Wednesday, December 2, 2015

Text in The New Frontier



A normalized convention of comics, narration, thought bubbles, speech balloons, and any other text that exists outside the narrative world in a comic works in tandem with the images. The words then inform images, as most comics possess a heavy amount of dialogue. Text and narration is particularly useful in creating meaning between images (ie: jumping from scenes or through time).

For a large scale story covering more than one superhero as well as multiple years, narration is featured heavily in Darwyn Cooke’s New Frontier. With such a large cast to share so many pages, there requires some cutting and seamless transitioning to perfectly cover individual character stories several times over while simultaneously moving the plot forward, the art jumping from scene to scene while the narration is presented in multiple different ways to link the images and fast forward through story events.

In one instance, the narration is enclosed in a file shaped narration box to serve as a “report” in the diegetic world, while informing the reader in the extradiegetic.

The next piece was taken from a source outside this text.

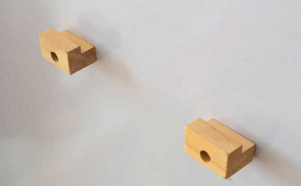 Instalar dos bloques de madera a la pared con tornillos y tarugos incluidos. Asegúrese de que son bloques de madera en la dirección correcta y el mismo nivel.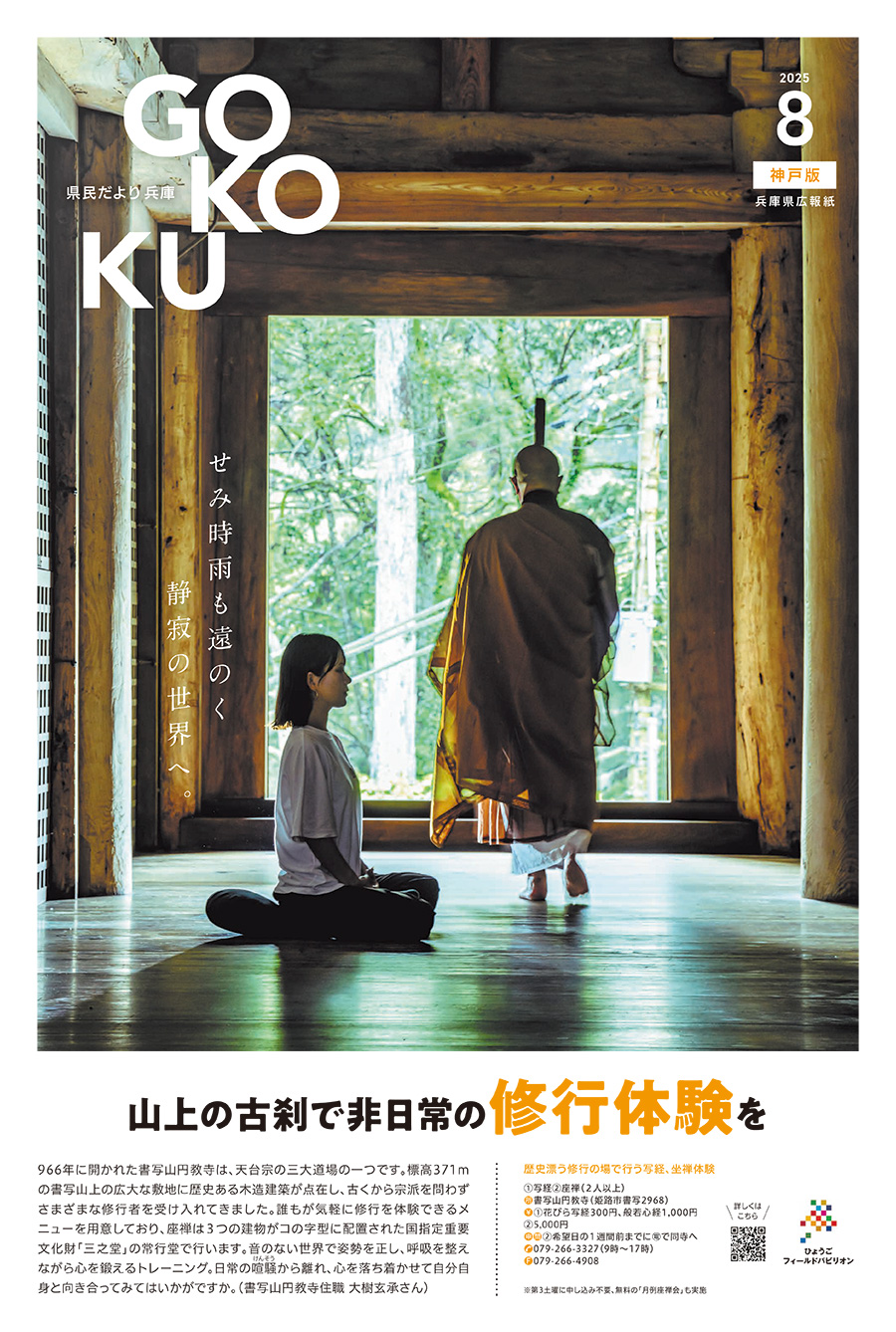 966年に開かれた書写山円教寺は、天台宗の三大道場の一つです。標高371mの書写山上の広大な敷地に歴史ある木造建築が点在し、古くから宗派を問わずさまざまな修行者を受け入れてきました。誰もが気軽に修行を体験できるメニューを用意しており、座禅は3つの建物がコの字型に配置された国指定重要文化財「三之堂」の常行堂で行います。音のない世界で姿勢を正し、呼吸を整えながら心を鍛えるトレーニング。日常の喧騒(けんそう)から離れ、心を落ち着かせて自分自身と向き合ってみてはいかがですか。(書写山円教寺住職 大樹玄承さん)

Similarly, a news article written by a character who appears in the story exists as physical pages within the comic, but is presented as an article within the universe of it as well, retelling information previously stated from another perspective while informing the reader of political movements and other issues within the story that had previously come to pass, as the story starts almost in the thick of events.


As a piece set in the 1940s-1950s with the style of heavy narration like a 1940s-1950s comic, Cooke makes use of various conventions to make the large amount of text more interesting. Lots of text can be daunting, boring, or might cause the reader to lose interest, but it manages to become something else as Cooke turns it into something else with a bit of a kick.